“Se il gioco cresce, cresce l’America”. Con questo slogan l’American Gaming Association – l’associazione degli imprenditori dell’azzardo, ha presentato il suo primo rapporto sullo stato del settore negli States.
Lo studio, commissionato alla società di consulenza britannica Oxford Economics, ha stimato in 240 miliardi di dollari l’impatto economico diretto e indiretto del settore sull’intera economia nazionale. Negli Stati Uniti i 510 casinò commerciali e i 474 casinò tribali – ovvero gestiti dalle tribù dei Nativi – generano nei 39 stati in cui sono presenti un fatturato complessivo di oltre 81 miliardi di dollari. Ci sono poi, i produttori di apparecchi con un giro d’affari di quasi 6 miliardi. Senza considerare l’indotto. Si stima che i milioni di visitatori che ogni anno affollano i floor dei casinò spendano oltre 14 miliardi di dollari in beni e servizi complementari, risorse che contribuiscono ad incrementare il giro d’affari delle economie locali. Altri 60 milioni sono generati dalla catena degli approvvigionamenti. Infine, 78 miliardi è la spesa generata dai dipendenti del settore.
La ricerca si è focalizzata, inoltre, sulle esternalità positive della filiera sull’intero sistema economico.

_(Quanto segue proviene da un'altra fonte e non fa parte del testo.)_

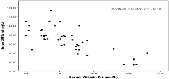Correlation between 25-OH vitamin D serum level and C-reactive protein (CRP) levels.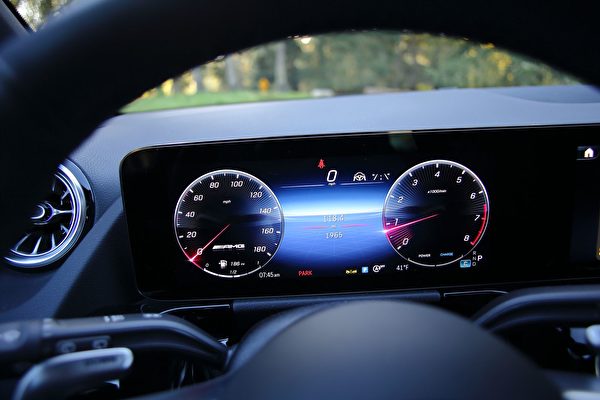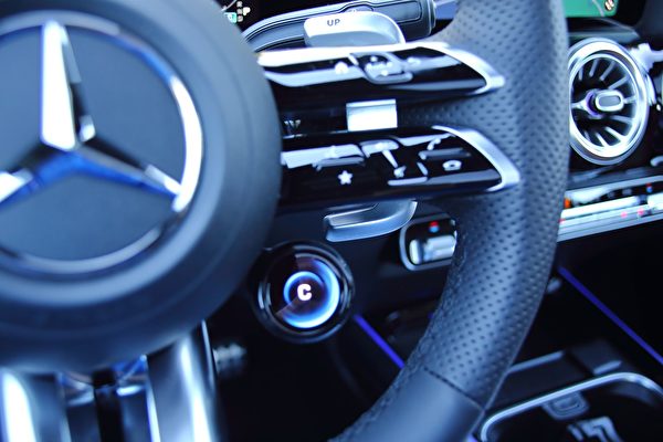 10.25吋的仪表版萤幕有三种AMG显示风格:经典、运动和超级运动。仪表板是与中控台萤幕“连成一片”,中控台萤幕尺寸也是10.25吋,内置MBUX资讯娱乐系统,除了一般Mercedes-Benz车系功能之外,还包括各种AMG特定的显示器和功能,例如AMG Dynamic Select快速选择,整合了用于赛道的数据记录器AMG Track Pace。AMG Track Pace用于具体分析和改进驾驶技能。这是由卫星定位系统和数据(如横向和纵向加速度、油门和刹车踏板位置或转向角)协助的。所有值都清晰地显示出来,可以直接在车辆上读取。

L’occupazione, soprattutto in tempi di recessione, è uno dei fattori chiava da valutare. Negli Stati Uniti, l’industria del gambling occupa più di 1,7 milioni di persone, più risorse del settore del trasporto aereo con un monte salari annuo di quasi 75 miliardi di dollari. Di questi 735 mila unità sono impiegate direttamente, altre 383 mila sono occupate nell’impresa manifatturiera. La spesa di queste due categorie sostiene, ancora, altri 595 posti di lavoro (assistenza sanitaria, credito, istruzione).
Un’altra variabile da considerare quando si parla di gioco d’azzardo è la tassazione. Denaro che, negli Stati Uniti, finanzia direttamente servizi pubblici come scuole, biblioteche e polizia locale. L’industria del gaming genera entrare fiscali per complessivi 38 miliardi di dollari.
Un manifesto chiaro quella dell’AGA che, in conclusione ai politici – conservatori e repubblicani – di collaborare per uno sviluppo sano e sostenibile dell’industria.